Supplied material.
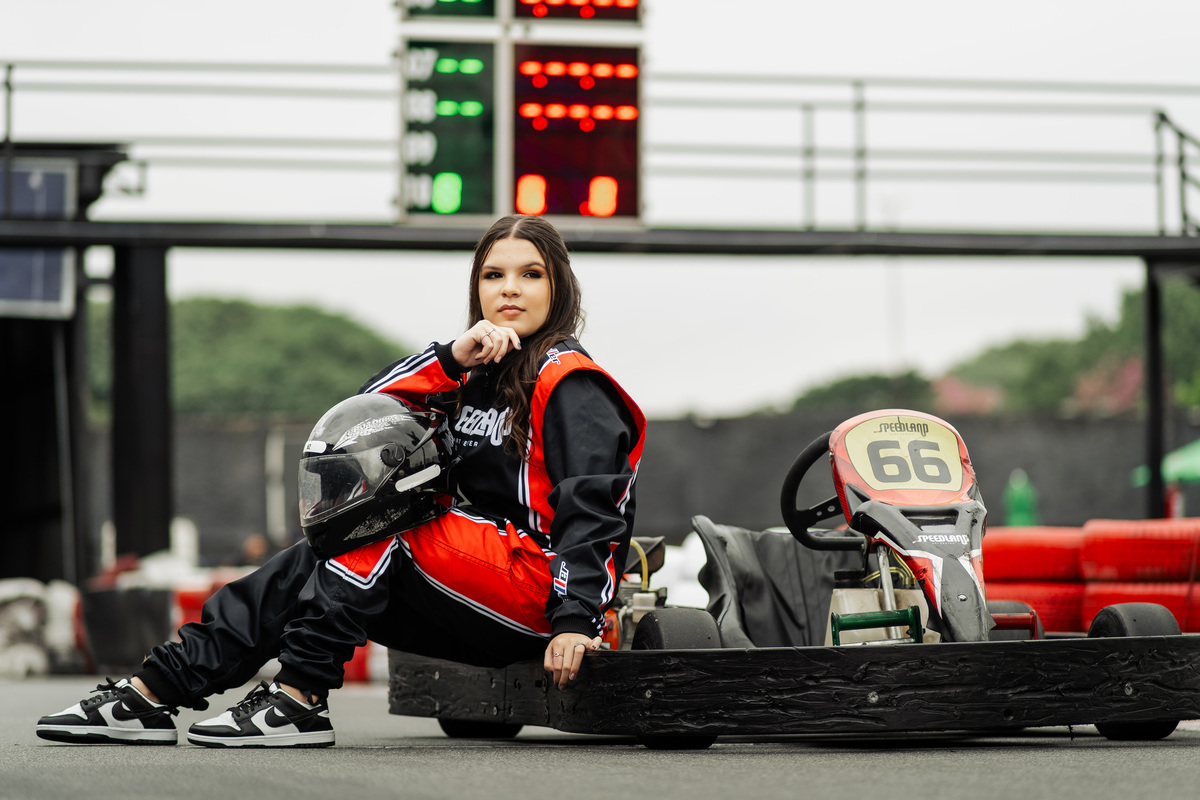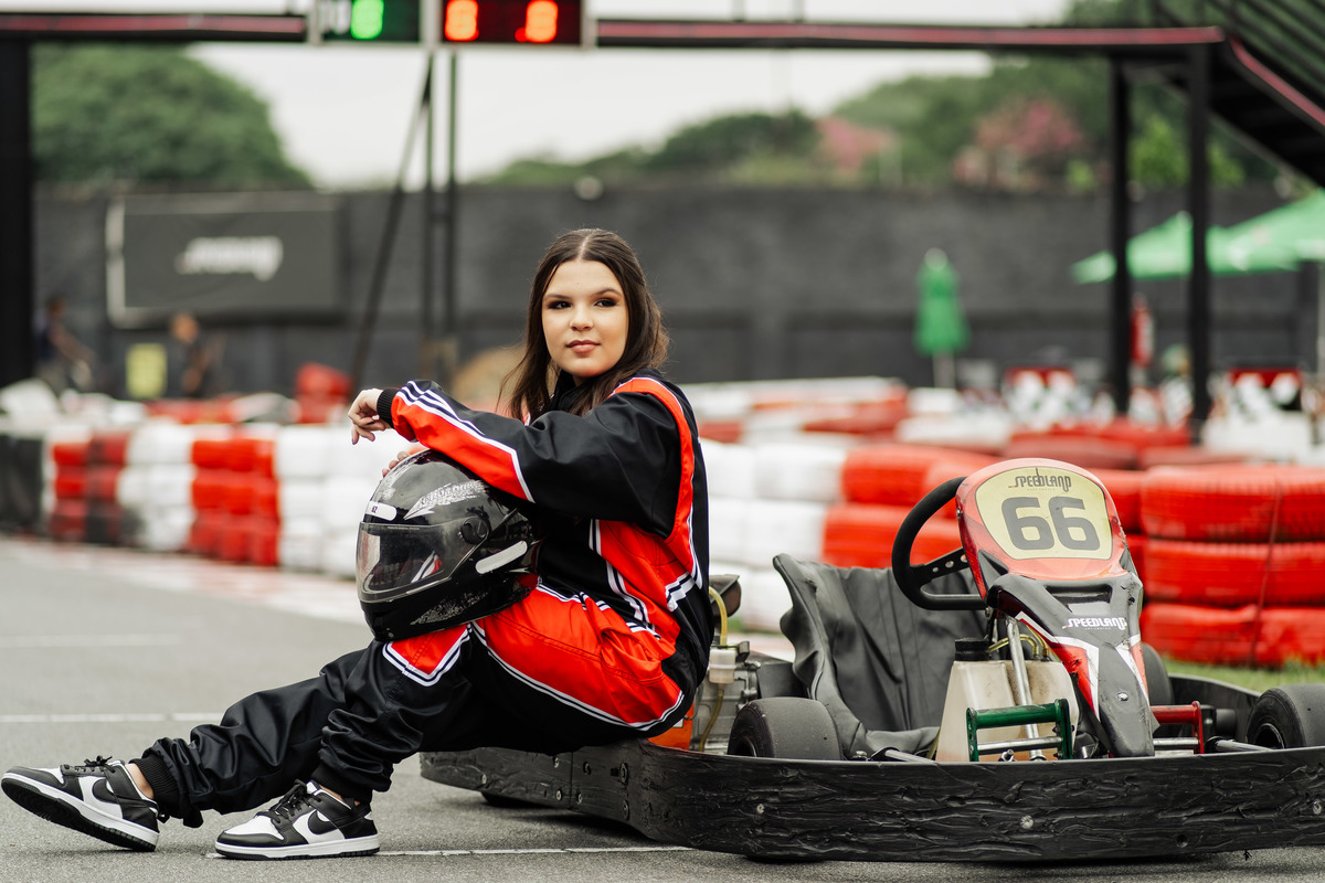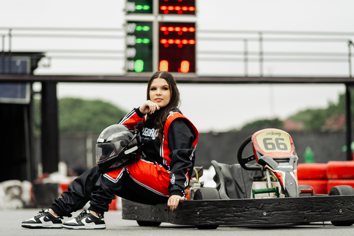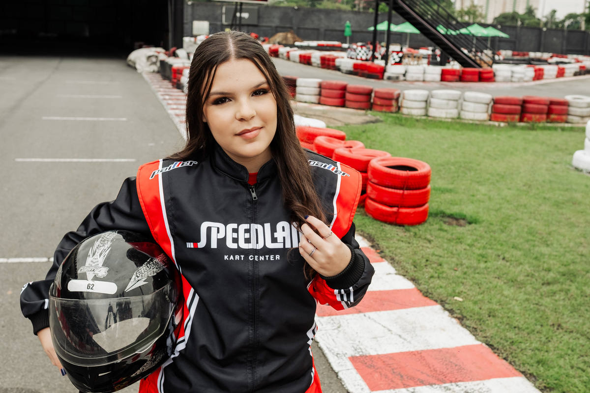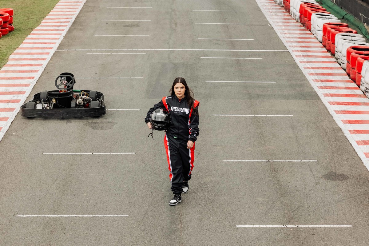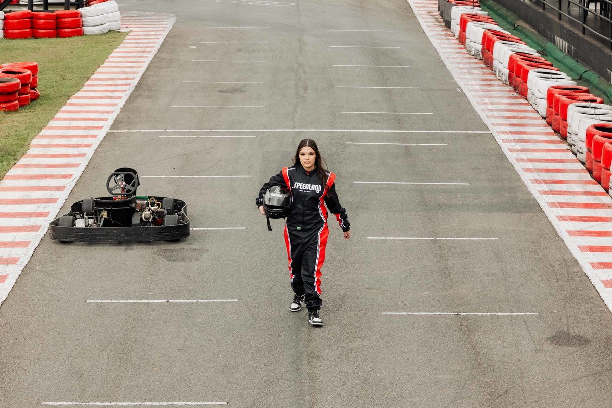 ✨ Capacete na cabeça, brilho no olhar e o kart rugindo! Clara mostrou que é pura velocidade e charme.
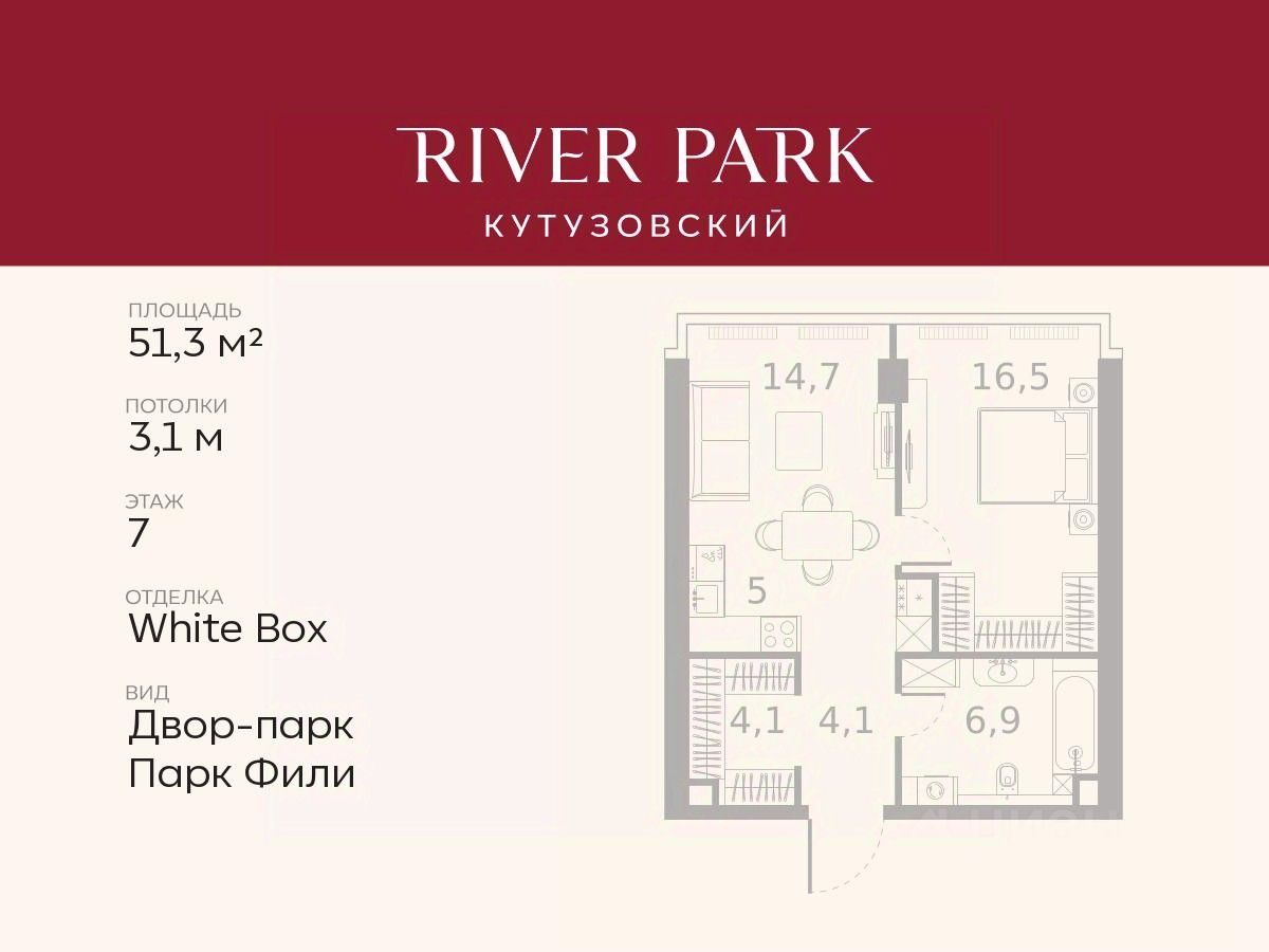 Расположение и Транспортная доступность: - На берегу Москвы-реки, напротив Москва-Сити - 600 метров до Кутузовского проспекта - Удобный съезд с ТТК - Прямой выезд на МКАД по Северному дублеру Кутузовского проспекта. - В пешей доступности 3 станции метро: Фили, Парк Победы, Кутузовская, а также станция МЦД Фили. Архитектура от именитого бюро ADM отличается уникальной пластикой фасадов - башни словно парят в воздухе, играя гранями как драгоценные камни. Жилой комплекс состоит из 5-ти небоскребов с home park на закрытой территории и внешней торговой галереей с открытым доступом.
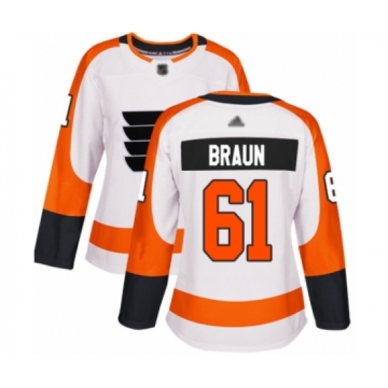 Women's Philadelphia Flyers #61 Justin Braun Authentic White Away Hockey Jersey

The problem.
Without any pictures, return the material above exactly.

Solution to this exercise.
 ✨ Capacete na cabeça, brilho no olhar e o kart rugindo! Clara mostrou que é pura velocidade e charme.
 Расположение и Транспортная доступность: - На берегу Москвы-реки, напротив Москва-Сити - 600 метров до Кутузовского проспекта - Удобный съезд с ТТК - Прямой выезд на МКАД по Северному дублеру Кутузовского проспекта. - В пешей доступности 3 станции метро: Фили, Парк Победы, Кутузовская, а также станция МЦД Фили. Архитектура от именитого бюро ADM отличается уникальной пластикой фасадов - башни словно парят в воздухе, играя гранями как драгоценные камни. Жилой комплекс состоит из 5-ти небоскребов с home park на закрытой территории и внешней торговой галереей с открытым доступом.
 Women's Philadelphia Flyers #61 Justin Braun Authentic White Away Hockey Jersey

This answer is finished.